For the three months ended September 30, 2021, Sutter Health reported $104 million in income from operations, up from a loss of $45 million during the same period last year. Total operating revenues were $3.6 billion and operating expenses totaled $3.5 billion. Sutter’s operating margin is now positive, but slim.

“At the beginning of this year, we started to look at ways to change the organization to help us better serve our communities and provide access to affordable, high-quality care for years to come,” said Vice President, Finance and Treasurer, Jonathan Ma. “We’d like to thank our staff and clinicians for their hard work so far this year, which has helped to improve Sutter’s financial condition that will allow us to reinvest back into our communities and plan for the future. We know there is still more work ahead.”

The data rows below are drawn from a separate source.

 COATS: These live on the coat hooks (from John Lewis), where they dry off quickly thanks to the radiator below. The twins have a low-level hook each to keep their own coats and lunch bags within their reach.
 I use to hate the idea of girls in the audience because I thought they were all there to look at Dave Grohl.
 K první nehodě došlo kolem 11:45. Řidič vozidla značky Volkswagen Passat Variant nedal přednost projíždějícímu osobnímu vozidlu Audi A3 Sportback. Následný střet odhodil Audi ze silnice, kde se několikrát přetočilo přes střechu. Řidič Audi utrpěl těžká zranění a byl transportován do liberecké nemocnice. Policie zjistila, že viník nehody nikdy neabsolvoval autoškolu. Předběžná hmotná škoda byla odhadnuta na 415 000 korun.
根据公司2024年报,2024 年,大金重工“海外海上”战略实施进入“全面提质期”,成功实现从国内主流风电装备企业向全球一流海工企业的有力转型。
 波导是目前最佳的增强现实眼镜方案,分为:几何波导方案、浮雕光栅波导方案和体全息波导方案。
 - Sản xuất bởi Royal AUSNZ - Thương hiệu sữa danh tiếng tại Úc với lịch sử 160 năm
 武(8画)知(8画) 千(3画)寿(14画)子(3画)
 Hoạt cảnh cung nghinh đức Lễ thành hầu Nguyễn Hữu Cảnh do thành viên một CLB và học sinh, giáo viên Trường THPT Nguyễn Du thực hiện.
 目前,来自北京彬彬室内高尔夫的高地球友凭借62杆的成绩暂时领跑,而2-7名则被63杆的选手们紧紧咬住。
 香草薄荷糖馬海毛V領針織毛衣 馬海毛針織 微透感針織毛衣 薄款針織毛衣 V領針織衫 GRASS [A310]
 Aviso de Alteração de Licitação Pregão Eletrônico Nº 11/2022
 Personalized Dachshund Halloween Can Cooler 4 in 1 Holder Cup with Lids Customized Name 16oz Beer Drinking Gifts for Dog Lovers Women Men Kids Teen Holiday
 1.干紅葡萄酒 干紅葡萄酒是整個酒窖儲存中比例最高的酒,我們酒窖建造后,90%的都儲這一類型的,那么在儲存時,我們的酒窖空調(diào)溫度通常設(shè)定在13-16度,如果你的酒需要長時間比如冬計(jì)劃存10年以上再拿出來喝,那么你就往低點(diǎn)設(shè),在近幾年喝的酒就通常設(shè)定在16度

Labor costs in Northern California remain among the highest in the nation. At Sutter, labor accounts for about half of operating expenses, with nationwide staffing shortages and inflation increasing those costs. Each year, Sutter must address $500 million in inflationary pressure from rising labor, supply and other costs. In the third quarter of this year, Sutter spent about $1.7 billion in salaries and benefits.

Despite these challenges, Sutter’s average overall rate increases to health plans have been held to under 3% annually – less than the cost of inflation – for the past seven years.

Sutter is on track to achieve or exceed its goal of a breakeven budget this year, but more work remains to create a sustainable system that is best positioned to serve our communities and patients for the next 100 years. Sutter will continue the difficult work of closing the gap between revenues and expenses by finding efficiencies, identifying opportunities to streamline services and advancing our cost savings efforts.